DATA FOR ANALYSIS below:

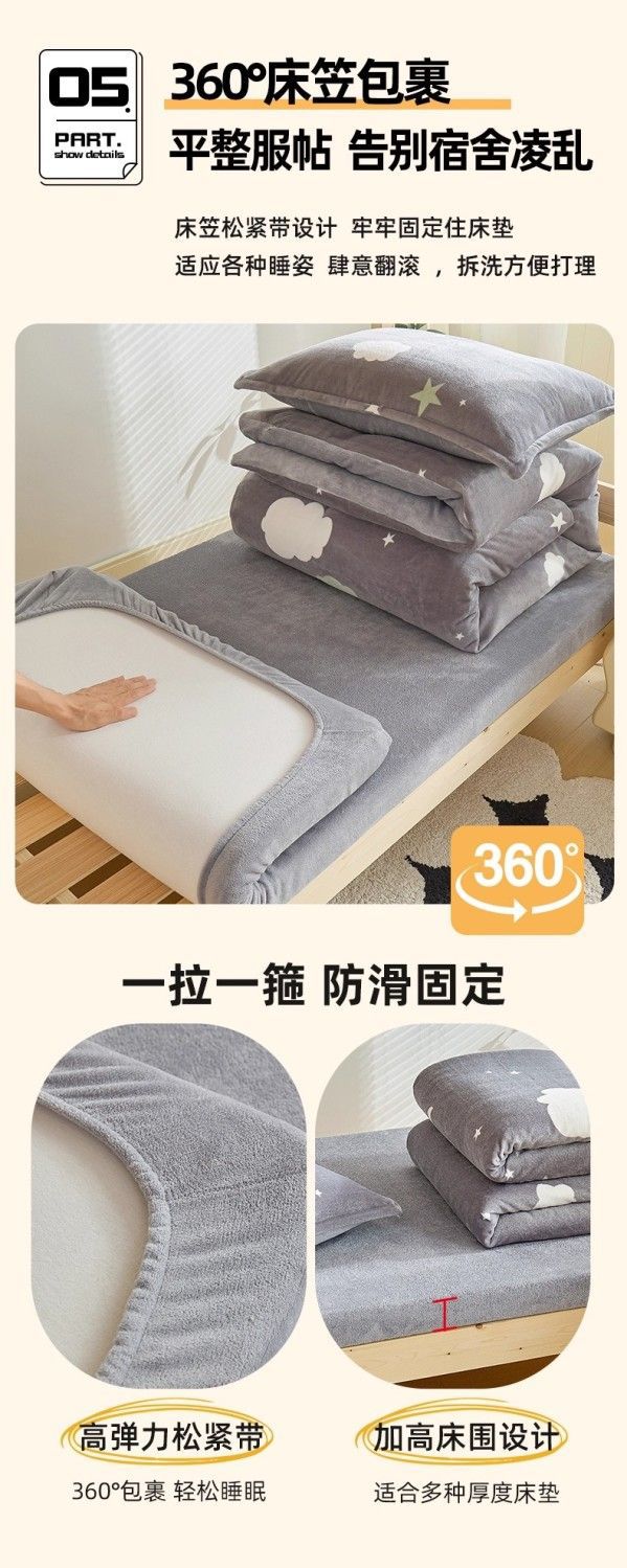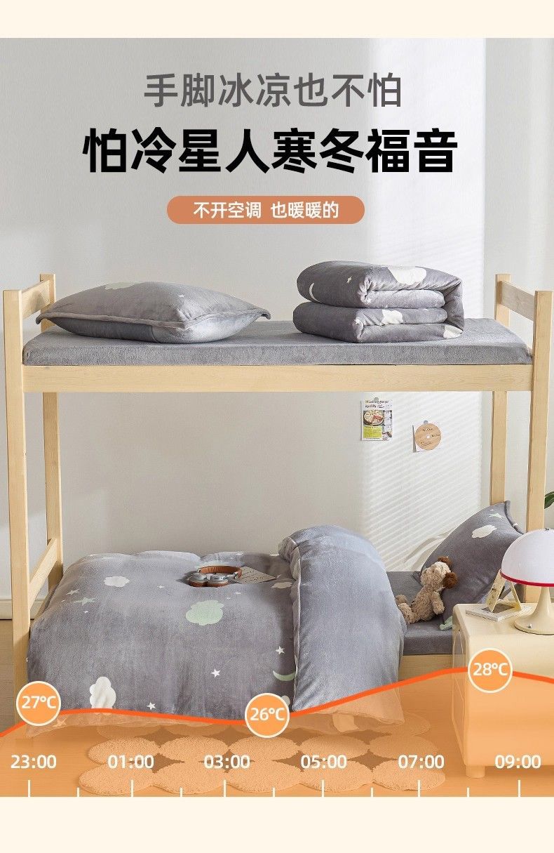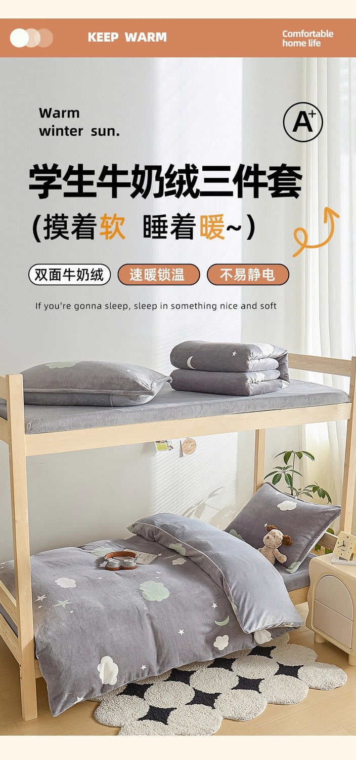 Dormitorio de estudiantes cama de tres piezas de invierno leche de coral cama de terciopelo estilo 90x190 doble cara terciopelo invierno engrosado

End of DATA FOR ANALYSIS.
DATA FOR ANALYSIS below:

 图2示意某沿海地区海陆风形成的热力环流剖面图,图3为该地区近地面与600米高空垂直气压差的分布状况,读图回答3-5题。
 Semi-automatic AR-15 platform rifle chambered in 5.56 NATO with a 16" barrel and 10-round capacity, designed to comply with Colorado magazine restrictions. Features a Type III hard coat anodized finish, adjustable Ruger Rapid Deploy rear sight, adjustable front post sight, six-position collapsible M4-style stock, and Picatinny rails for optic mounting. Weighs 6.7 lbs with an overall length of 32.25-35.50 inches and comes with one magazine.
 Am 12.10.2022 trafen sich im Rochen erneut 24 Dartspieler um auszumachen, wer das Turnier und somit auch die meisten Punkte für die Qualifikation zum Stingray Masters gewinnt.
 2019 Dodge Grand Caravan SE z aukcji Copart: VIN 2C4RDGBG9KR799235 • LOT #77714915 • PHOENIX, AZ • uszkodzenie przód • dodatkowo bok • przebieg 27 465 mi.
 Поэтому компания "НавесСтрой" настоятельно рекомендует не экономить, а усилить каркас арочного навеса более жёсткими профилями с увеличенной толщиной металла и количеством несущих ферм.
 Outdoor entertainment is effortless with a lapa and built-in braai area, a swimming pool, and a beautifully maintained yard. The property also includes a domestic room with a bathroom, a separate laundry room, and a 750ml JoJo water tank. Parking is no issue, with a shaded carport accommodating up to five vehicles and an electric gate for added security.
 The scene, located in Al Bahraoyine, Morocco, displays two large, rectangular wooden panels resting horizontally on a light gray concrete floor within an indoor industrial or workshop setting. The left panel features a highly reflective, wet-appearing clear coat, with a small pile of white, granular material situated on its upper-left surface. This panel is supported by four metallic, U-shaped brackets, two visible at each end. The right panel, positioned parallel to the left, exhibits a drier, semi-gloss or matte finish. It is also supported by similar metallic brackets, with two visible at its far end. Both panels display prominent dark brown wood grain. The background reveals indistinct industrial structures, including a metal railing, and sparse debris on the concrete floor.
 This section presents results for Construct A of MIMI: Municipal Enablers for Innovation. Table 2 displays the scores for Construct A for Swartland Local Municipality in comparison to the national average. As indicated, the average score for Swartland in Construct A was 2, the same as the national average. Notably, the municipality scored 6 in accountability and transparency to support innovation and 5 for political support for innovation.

End of DATA FOR ANALYSIS.

**WHAT YOU ARE ASKED TO DO**.
State how many lines of the records above contain "coat", with no words besides the number.

**RESULT OF THE EXERCISE**.
2